Louisville & N. R. v. United States

225 F. 571, 1915 U.S. Dist. LEXIS 1284
CourtDistrict Court, W.D. Kentucky
DecidedJuly 3, 1915
DocketNo. 18
StatusPublished
Cited by7 cases

This text of 225 F. 571 (Louisville & N. R. v. United States) is published on Counsel Stack Legal Research, covering District Court, W.D. Kentucky primary law. Counsel Stack provides free access to over 12 million legal documents including statutes, case law, regulations, and constitutions.

Bluebook
Louisville & N. R. v. United States, 225 F. 571, 1915 U.S. Dist. LEXIS 1284 (W.D. Ky. 1915).

Opinion

PER CURIAM.

The Louisville & Nashville Railroad Company (which we shall call the plaintiff), on December 17, 1910, in due form filed its—

“application before the Interstate Commerce Commission for relief under the long and short haul provisions of the fourth section of the act to regulate commerce.”
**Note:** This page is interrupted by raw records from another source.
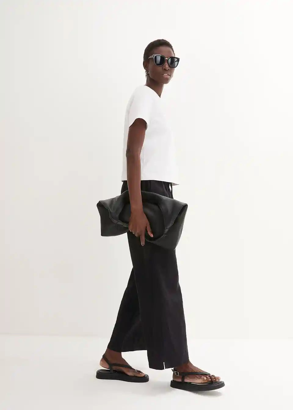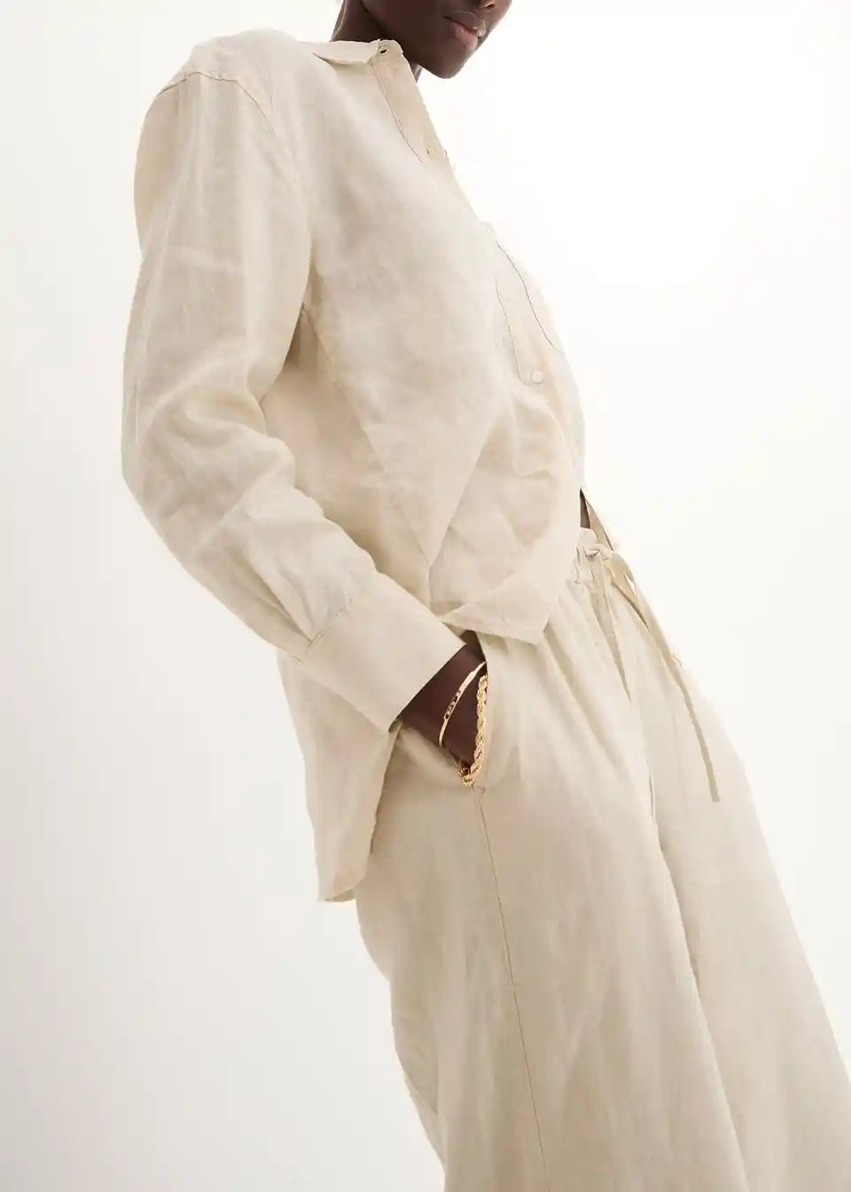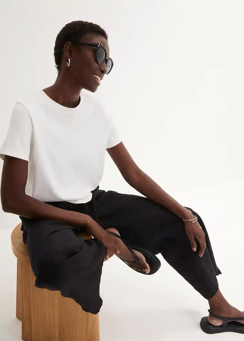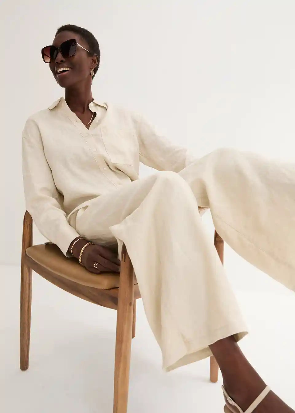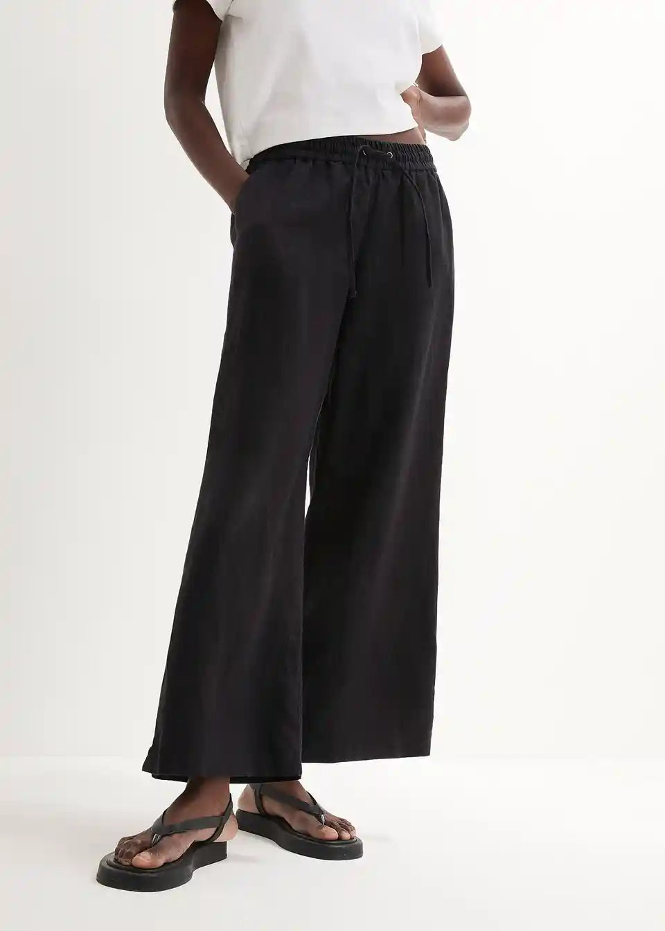 udobne lanene hlače širokih nogavica, dužina do gležnja
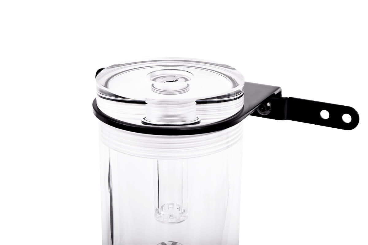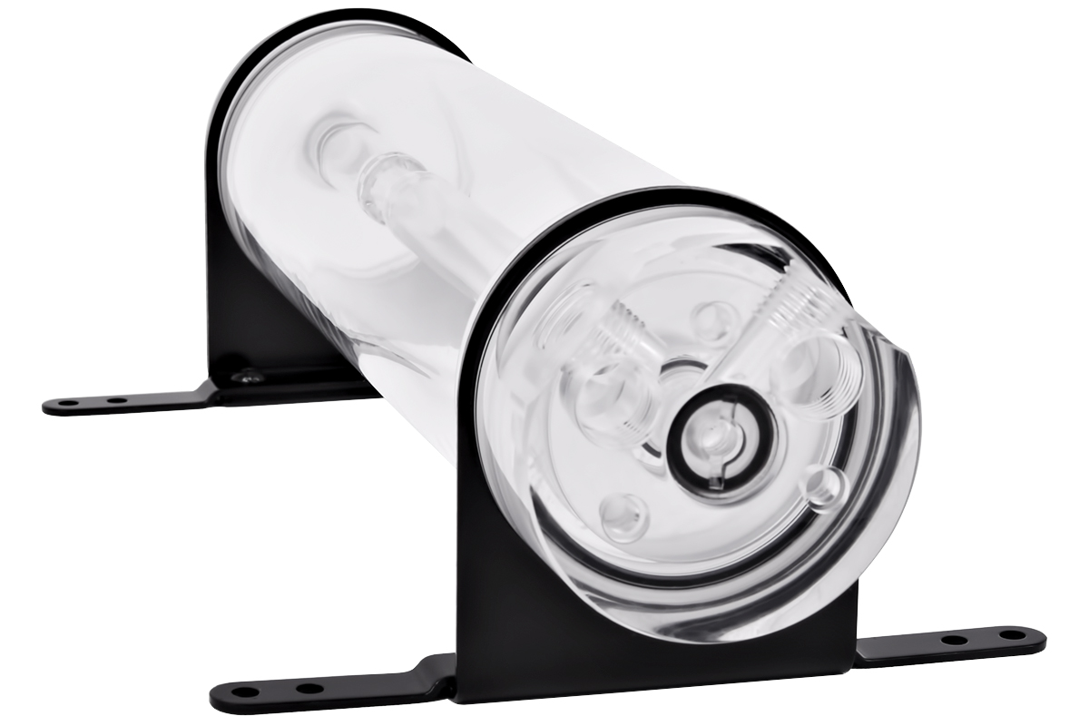 Zur Befestigung im Gehäuse sind zwei Halterungen ober- und unterhalb des Rohrs verbaut. In diesen Halterungen sind Löcher im Abstand eines 120er bzw. 140er Lüfters. Soll der Behälter allerdings nicht an Lüfterplätze montiert werden, lassen sich die Halterungen auf die Breite des Behälters reduzieren und es stehen drei M4 Gewinde je Halterung für die Befestigung zur Verfügung. Auch wenn die Halterungen gar nicht verwendet werden, lassen sich diese ganz einfach entfernen. Diese Halterung ist bei allen 20 Behältern wiederzufinden.
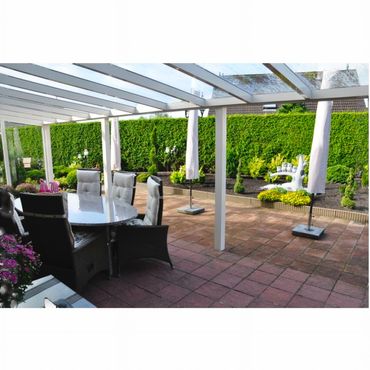 Unsere Überdachungen werden aus hochwertigem Aluminium nach deutschen Qualität-Standards hergestellt, dadurch ist die Konstruktion Ihrer Überdachung solide und Witterungsbeständig. Obendrein ist die Eigenschaft des Aluminiums sehr langlebig, farbecht und pflegeleicht. Aus Sicherheitsglas können Sie Ihre Dacheindeckung gestalten und durch verschieden extra Optionen, wie Beleuchtung, Heizstrahler, Rinnenkappen und Bodenelemente einen persönlichen Ausdruck verleihen. Neben Überdachungen in gerader Ausführung gibt es auch Möglichkeiten zwischen Überdachungen ums Eck oder freistehende Überdachungen zu wählen (hierzu bitte telef. anfragen).
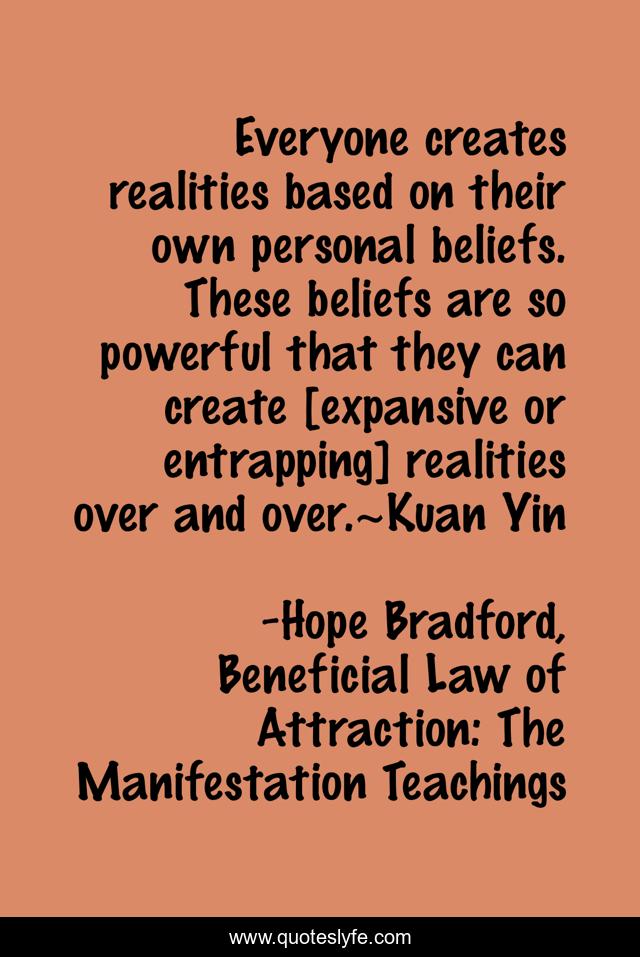 This page presents the quote "Everyone creates realities based on their own personal beliefs. These beliefs are so powerful that they can create [expansive or entrapping] realities over and over.~Kuan Yin". Author of this quote is Hope Bradford, Beneficial Law of Attraction: The Manifestation Teachings. This quote is about gratitude, prosperity, goddess, loa, love, wealth, relationships, law-of-attraction, manifestation,.

This application was numbered 1952. It had reference to the freight rates to be charged by the plaintiff throughout its entire system, and might affect those charged throughout the southeastern part of the United States. It was of great length and elaboration, and related to many hundred places. Its purpose was altogether proper, but inevitably it would take a very long time for the Interstate Commerce Commission (which we shall call the Commission) to complete its consideration of every phase of it, and as some of the separate questions involved might be urgent and might be entirely disconnected from other phases of it, necessarily it would result that such separate matters might be investigated and settled before the consideration of others had begun. This would come from the nature of the application itself.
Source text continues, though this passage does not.